Creating readable prose out of synthesiser presets or building a rock music business is by no means a bad education for a writer. And Cann went on to bring out two crime thriller series before introducing a new hero, Leathan Wilkey, to the world. And in particular, the world of Paris.
And it’s this setting that’s the first of many nice things about Clementina – number one in a series of noirish Leathan Wilkey crime thrillers that currently runs to three and a half (the half being the novella Bag Man, published between numbers two and three.)
Paris by noir
Paris is not the most unusual setting for a novel, but it seems to have been surprisingly underexploited by English-speaking noir writers.
Surprising, because it offers much for the crime novelist: the night-life, the divide between rich and poor and all kinds of social mischief. (It certainly makes a welcome change from the grime of the conventional British procedural).
It is here, then, that Wilkey has landed. Out on a limb, like the best noir heroes, he’s trying to make a new start in life. And avoid a few rather nasty people who would prefer to haul him back to the old one.

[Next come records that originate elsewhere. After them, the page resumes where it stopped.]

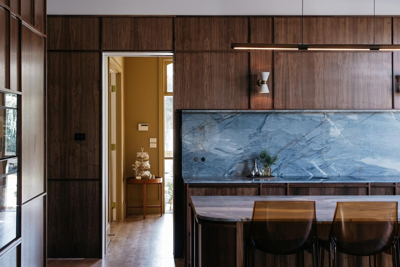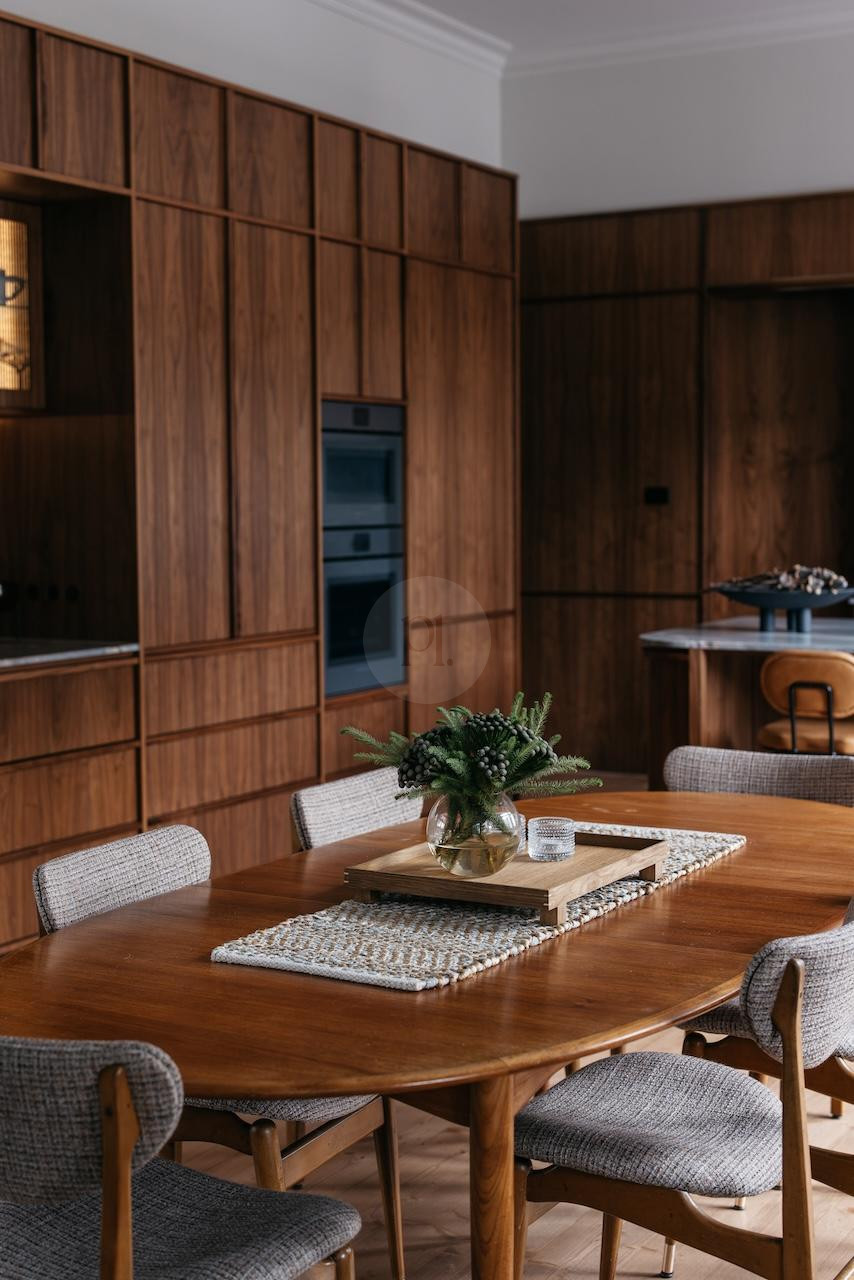 Featuring a spacious layout with multiple living areas, a striking kitchen with walnut cabinetry and a servery window that opens out to the alfresco area, Protea House offers a versatile and elegant setting for any creative production. The interiors showcase timeless design elements, including soaring 4-metre ceilings and luxurious finishes that pay homage to the home’s heritage while incorporating mid-century modern aesthetics.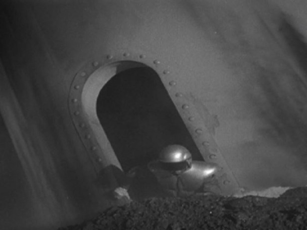 Attempts to get near the ship are thwarted by intense heat radiating from the ship’s hull, but Quatermass finally arrives on the scene and rushes to take charge of the rescue operation. Racing against time, and concerned for the safety of the men trapped inside the ship, Quatermass devises a plan to lower the temperature of the ship by ordering the fire department to blast the ship with water. The plan works and soon a hatchway opens. One of the astronauts, Victor Carroon (Richard Wordsworth), suddenly crawls out of the craft and falls unconscious to the ground.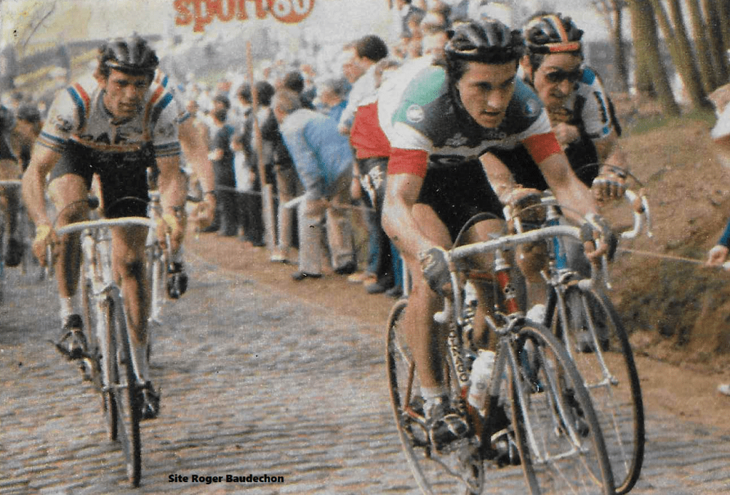 Giuseppe SARONNI a 63 ans. Il est italien de souche. Il a été pro de 1977 à 1990. Ce que nous retiendrons surtout, ce sont ses titres de champion du monde et d’Italie. Victorieux à deux reprises du « GIRO ». Mais en Belgique, ce natif de Novare a marqué les esprits sur « LA FLECHE WALONNE » et sur « LIEGE-BASTOGNE-LIEGE ». Bien entendu, ceci est limitatif car il s’est imposé sur de nombreuses épreuves. SARONNI était un grand champion italien qui aimait les courses accidentées.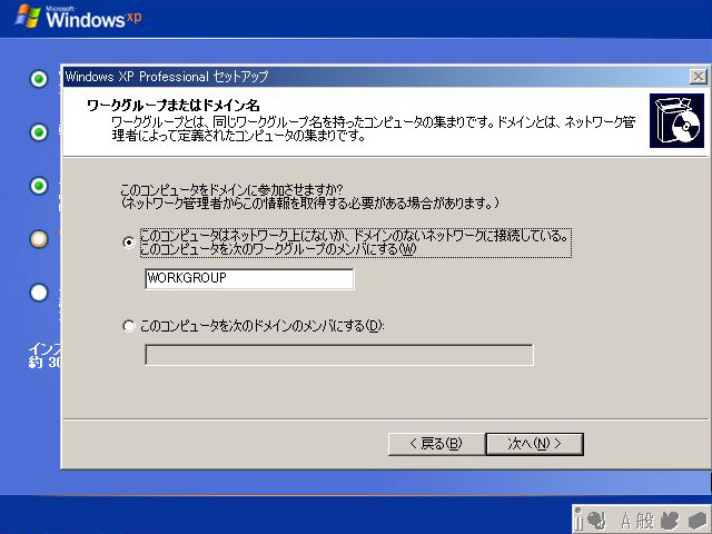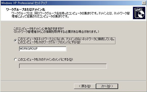ワークグループの設定は初期設定のままでもいい。とくに設定の必要がなければ,そのままで「次へ(N)」を押そう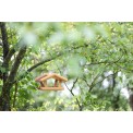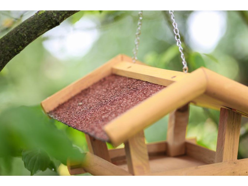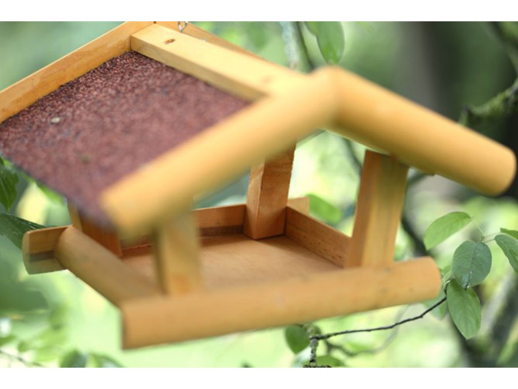 Karmnik dla ptaków, lakierowane drewno świerkowe, dach z papy bitumicznej , trwały metalowy łańcuch do zawieszania, większy daszek chroniący przed deszczem, wymiary 29x28x18 cm.

His old job involved helping journalists doing things that were too shady even for them. (Which must be very shady indeed!) This itself is a nice variation on the old cop/gumshoe/journo formula.
Now he’s been hired by a dubious high-flying financier to chaperone his overindulged, over-financed seventeen-year-old daughter and ensure she doesn’t get into the gossip columns and ruin a vital deal. Easier said than done, given her love of posting every minute of her life on social media.
It gets even harder when Wilkey finds her having sex with a teenage boy who proceeds to steal a laptop filled with dangerous secrets and then turn up dead.
Thrills and skills
Cann writes with a cool style that befits his cool protagonist. Wilkey is no action-man superhero, nor is he a decrepit down-and-out. Instead he feels remarkably normal – yet he has skills. These skills, learned while working for sleazy hacks, will become very necessary as the plot heats up.
For despite its sleek Parisian surface, the story of Clementina speeds on at an admirable pace. The book has all we want from a good story. Danger (tick). Credible heavies (tick). Wit (tick). Expensive shopping trips (tick)!
All too often, crime thrillers fail to get the balance right between character and plot, and between protagonist and supporting roles. But here the balance feels perfect. Wilkey finds himself drawn into more and more trouble while surrounded by a cast of subtly rounded victims and villains.
Knows his oysters
And at the heart of the story is Clementina herself: a bolshie, entitled teenager who Cann nevertheless draws with unusual sympathy and without cliché.
If the book has any faults (and what novel doesn’t?) there are a few repeated ideas. These could and should have been flagged up by its editor.
And – while Cann is generally adept at sliding in his knowledge of Paris as smoothly as the best cooked huîtres mignonettes – his research does sometimes stick out a little obviously.
But these are minor cavils in a noir thriller that surprises, entertains and never over-reaches for its effects.